What is required: Copy the records below exactly, starting at the line that contains "Tools: 17 mm" and ending at the line that contains "High Quality Thermoformed Inner Cabinet"; leave out any pictures.

Data to process:
========

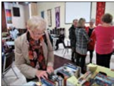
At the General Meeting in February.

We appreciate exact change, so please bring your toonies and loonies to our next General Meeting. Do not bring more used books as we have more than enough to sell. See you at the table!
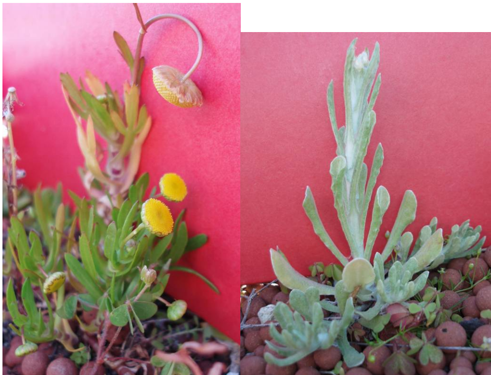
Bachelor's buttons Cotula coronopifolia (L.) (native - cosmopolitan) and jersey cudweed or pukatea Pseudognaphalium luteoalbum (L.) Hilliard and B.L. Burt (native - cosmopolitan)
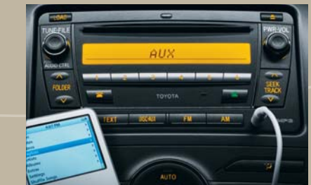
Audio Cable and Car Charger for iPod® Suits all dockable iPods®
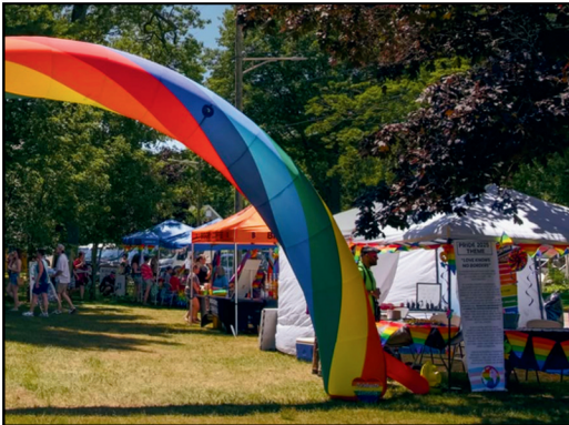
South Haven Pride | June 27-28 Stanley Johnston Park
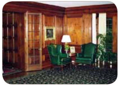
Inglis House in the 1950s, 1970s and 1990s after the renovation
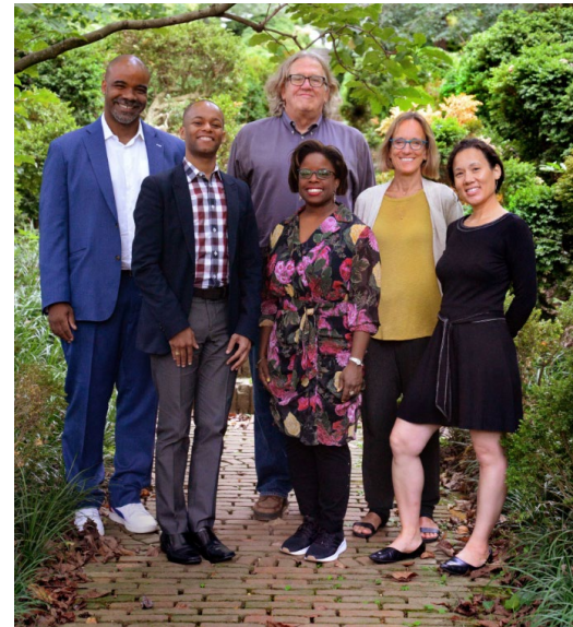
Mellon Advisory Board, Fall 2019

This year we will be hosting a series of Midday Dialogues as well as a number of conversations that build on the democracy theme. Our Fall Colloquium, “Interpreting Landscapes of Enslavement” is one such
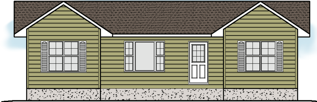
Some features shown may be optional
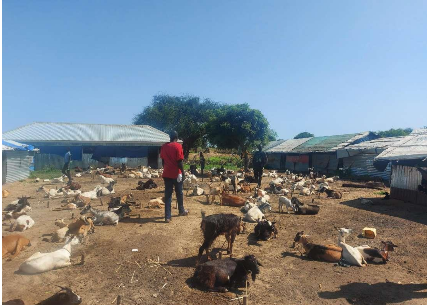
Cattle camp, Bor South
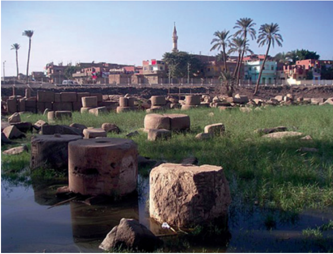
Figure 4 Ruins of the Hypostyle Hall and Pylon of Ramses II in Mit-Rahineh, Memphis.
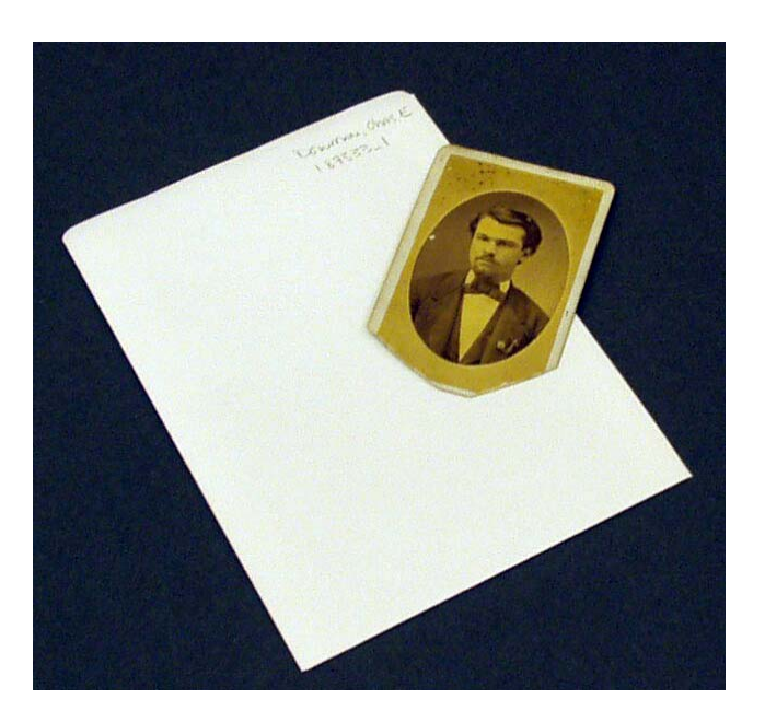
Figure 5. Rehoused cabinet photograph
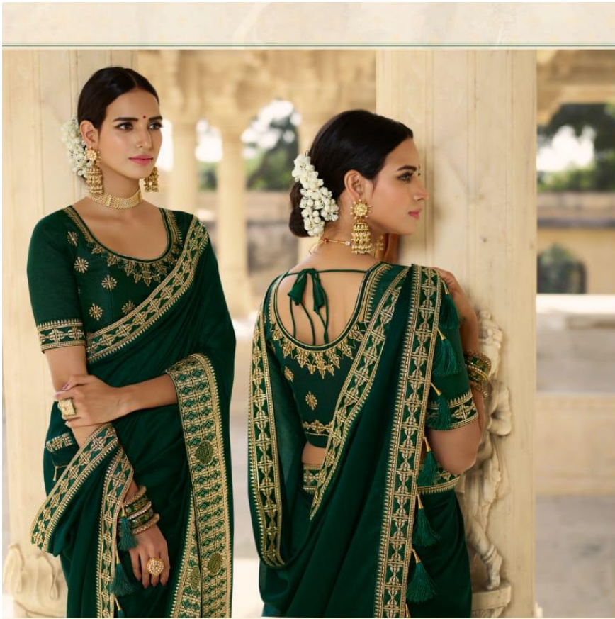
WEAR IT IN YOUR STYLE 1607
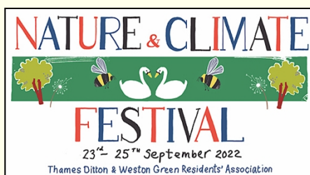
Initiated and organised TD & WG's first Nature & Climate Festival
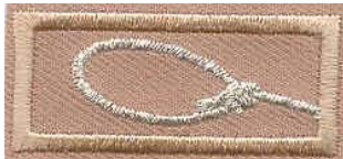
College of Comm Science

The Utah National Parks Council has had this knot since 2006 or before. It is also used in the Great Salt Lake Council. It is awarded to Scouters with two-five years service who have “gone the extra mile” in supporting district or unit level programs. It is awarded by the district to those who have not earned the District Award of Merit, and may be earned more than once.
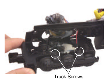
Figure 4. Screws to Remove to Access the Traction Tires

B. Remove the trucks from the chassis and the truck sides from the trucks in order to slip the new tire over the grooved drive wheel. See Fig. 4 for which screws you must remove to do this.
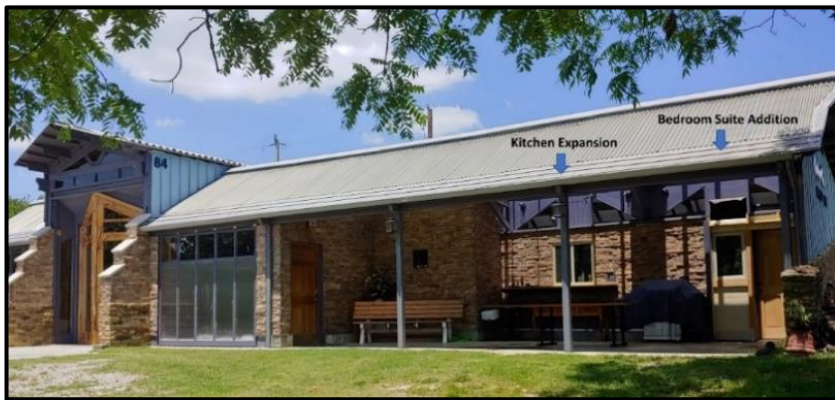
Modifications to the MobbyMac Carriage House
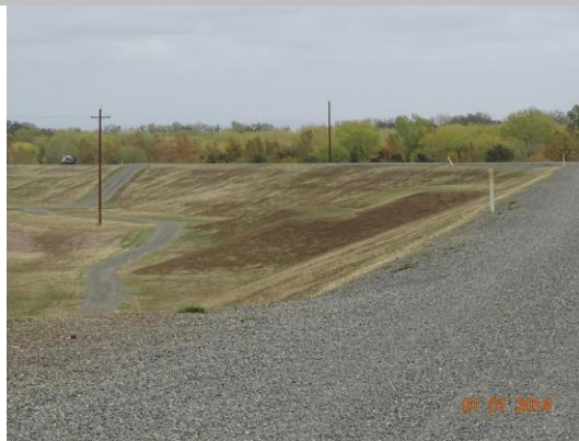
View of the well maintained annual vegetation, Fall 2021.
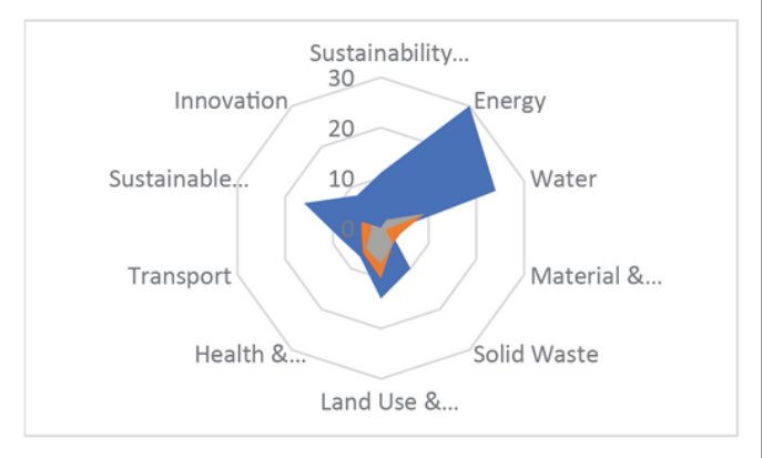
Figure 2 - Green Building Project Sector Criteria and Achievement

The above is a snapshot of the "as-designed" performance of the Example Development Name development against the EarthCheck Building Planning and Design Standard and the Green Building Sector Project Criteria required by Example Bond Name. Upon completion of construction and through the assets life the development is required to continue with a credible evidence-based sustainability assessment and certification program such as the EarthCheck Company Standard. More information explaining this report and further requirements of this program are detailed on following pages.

========

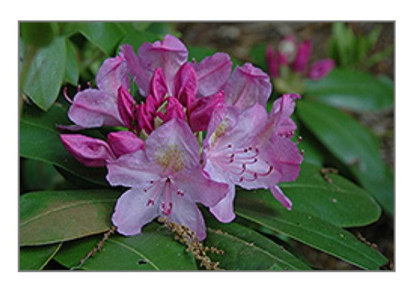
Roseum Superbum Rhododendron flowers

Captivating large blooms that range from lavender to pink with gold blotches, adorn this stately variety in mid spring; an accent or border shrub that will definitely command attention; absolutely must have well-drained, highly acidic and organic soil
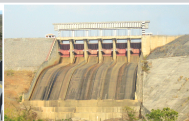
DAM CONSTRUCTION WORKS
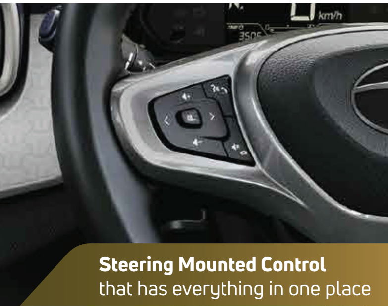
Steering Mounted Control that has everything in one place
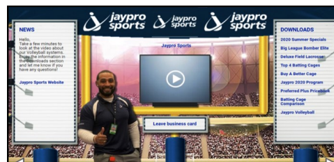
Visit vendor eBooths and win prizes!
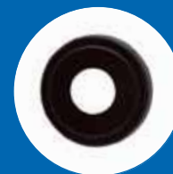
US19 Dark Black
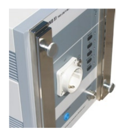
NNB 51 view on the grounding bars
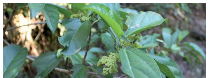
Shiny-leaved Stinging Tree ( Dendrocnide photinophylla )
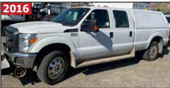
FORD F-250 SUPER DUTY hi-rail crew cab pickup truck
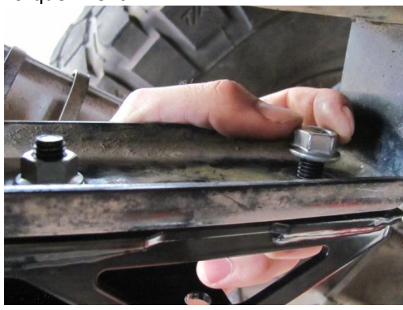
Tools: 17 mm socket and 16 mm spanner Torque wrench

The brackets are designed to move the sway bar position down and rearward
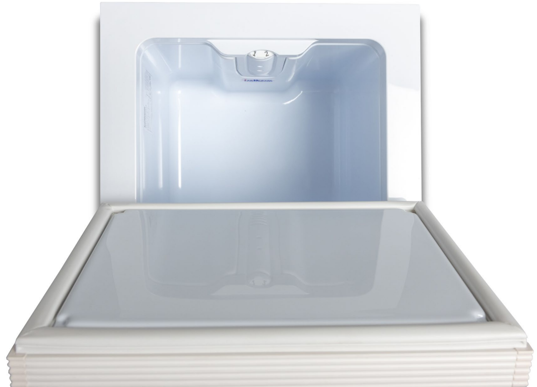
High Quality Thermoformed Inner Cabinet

========

Answer to the problem:
Tools: 17 mm socket and 16 mm spanner Torque wrench

The brackets are designed to move the sway bar position down and rearward
High Quality Thermoformed Inner Cabinet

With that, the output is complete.